What you return should be the lines from the first line of the records below through the line holding "With DingDing you", unchanged.

=== Listed entries ===

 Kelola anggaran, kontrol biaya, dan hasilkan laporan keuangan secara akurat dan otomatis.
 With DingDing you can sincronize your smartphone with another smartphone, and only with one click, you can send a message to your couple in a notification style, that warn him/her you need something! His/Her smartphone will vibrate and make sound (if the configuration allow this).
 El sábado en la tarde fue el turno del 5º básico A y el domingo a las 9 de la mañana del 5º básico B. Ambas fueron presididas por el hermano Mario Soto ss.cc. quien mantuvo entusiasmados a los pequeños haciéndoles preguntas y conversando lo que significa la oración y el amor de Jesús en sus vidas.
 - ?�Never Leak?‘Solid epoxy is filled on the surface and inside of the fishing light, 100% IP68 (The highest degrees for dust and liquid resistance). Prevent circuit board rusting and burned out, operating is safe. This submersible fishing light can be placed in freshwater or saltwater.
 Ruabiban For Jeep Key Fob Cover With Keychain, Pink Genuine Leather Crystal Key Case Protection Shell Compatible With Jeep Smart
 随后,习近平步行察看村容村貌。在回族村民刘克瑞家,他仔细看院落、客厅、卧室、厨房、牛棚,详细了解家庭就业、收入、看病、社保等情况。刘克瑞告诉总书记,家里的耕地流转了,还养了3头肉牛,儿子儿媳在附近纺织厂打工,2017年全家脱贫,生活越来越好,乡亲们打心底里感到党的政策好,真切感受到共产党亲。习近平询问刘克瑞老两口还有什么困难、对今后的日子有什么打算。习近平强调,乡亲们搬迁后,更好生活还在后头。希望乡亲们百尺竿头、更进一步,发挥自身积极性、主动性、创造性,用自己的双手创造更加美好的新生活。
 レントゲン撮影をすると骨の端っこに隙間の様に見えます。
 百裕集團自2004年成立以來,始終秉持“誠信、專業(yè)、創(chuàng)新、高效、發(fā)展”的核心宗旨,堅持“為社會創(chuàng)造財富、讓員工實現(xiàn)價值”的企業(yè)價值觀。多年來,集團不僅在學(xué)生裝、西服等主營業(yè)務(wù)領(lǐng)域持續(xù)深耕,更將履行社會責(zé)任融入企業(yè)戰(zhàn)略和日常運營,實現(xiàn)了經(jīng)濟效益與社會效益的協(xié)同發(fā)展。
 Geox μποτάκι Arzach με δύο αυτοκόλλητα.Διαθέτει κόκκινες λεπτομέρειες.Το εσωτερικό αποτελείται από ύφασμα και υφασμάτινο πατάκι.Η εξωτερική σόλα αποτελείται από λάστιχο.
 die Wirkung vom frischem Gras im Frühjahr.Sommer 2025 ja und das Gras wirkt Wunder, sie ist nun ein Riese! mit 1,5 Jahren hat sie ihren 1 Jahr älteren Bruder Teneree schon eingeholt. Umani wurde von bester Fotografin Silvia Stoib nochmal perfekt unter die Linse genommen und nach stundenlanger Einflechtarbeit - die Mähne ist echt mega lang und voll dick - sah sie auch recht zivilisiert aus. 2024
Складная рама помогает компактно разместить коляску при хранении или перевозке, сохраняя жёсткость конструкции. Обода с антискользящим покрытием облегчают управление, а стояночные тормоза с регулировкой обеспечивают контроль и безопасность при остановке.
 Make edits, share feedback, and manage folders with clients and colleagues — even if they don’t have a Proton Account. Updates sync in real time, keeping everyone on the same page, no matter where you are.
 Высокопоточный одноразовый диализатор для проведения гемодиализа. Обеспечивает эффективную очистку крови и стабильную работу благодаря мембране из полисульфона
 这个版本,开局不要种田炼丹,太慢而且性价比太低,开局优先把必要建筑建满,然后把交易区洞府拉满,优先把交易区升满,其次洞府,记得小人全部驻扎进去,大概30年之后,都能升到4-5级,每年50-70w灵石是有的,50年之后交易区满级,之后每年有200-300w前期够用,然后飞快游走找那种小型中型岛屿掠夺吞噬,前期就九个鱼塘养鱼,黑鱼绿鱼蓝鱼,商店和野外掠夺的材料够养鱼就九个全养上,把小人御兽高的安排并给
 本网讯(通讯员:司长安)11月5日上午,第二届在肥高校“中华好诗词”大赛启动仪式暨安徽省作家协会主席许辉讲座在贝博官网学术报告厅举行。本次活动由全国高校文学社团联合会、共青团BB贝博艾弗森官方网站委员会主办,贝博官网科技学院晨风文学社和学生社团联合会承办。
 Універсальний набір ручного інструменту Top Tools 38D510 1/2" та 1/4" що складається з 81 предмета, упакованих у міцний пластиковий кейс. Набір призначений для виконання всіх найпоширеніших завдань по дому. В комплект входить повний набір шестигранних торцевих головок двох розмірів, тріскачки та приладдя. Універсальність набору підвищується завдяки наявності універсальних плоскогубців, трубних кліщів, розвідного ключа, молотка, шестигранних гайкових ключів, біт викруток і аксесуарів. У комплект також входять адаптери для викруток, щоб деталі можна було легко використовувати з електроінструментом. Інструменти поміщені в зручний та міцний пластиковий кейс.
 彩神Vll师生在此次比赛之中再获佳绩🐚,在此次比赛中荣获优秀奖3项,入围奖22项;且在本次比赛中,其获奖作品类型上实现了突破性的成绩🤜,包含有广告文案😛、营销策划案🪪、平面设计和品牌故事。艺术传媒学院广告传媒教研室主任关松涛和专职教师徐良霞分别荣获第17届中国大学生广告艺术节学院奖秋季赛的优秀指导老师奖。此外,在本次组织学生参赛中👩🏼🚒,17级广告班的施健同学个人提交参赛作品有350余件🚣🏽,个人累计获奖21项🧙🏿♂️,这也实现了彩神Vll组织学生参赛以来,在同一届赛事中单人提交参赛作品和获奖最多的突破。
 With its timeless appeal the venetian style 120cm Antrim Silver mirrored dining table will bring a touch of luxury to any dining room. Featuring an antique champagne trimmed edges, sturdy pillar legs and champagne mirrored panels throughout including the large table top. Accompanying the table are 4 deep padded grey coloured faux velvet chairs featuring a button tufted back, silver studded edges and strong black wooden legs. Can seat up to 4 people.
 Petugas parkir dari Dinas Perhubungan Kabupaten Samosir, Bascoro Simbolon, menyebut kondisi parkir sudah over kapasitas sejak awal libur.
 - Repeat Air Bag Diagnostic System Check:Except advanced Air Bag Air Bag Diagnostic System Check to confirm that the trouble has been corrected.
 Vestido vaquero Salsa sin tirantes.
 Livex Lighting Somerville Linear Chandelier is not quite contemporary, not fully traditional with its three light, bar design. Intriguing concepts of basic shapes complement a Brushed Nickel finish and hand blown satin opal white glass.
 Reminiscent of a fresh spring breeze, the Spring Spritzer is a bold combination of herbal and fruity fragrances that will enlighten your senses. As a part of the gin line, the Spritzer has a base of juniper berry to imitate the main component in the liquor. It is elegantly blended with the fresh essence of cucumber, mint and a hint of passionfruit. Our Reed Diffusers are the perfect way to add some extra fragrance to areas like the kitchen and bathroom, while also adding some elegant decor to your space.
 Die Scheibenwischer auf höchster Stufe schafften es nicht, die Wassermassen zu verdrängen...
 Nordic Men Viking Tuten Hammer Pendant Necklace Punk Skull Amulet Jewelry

===

*Output below*.
 Kelola anggaran, kontrol biaya, dan hasilkan laporan keuangan secara akurat dan otomatis.
 With DingDing you can sincronize your smartphone with another smartphone, and only with one click, you can send a message to your couple in a notification style, that warn him/her you need something! His/Her smartphone will vibrate and make sound (if the configuration allow this).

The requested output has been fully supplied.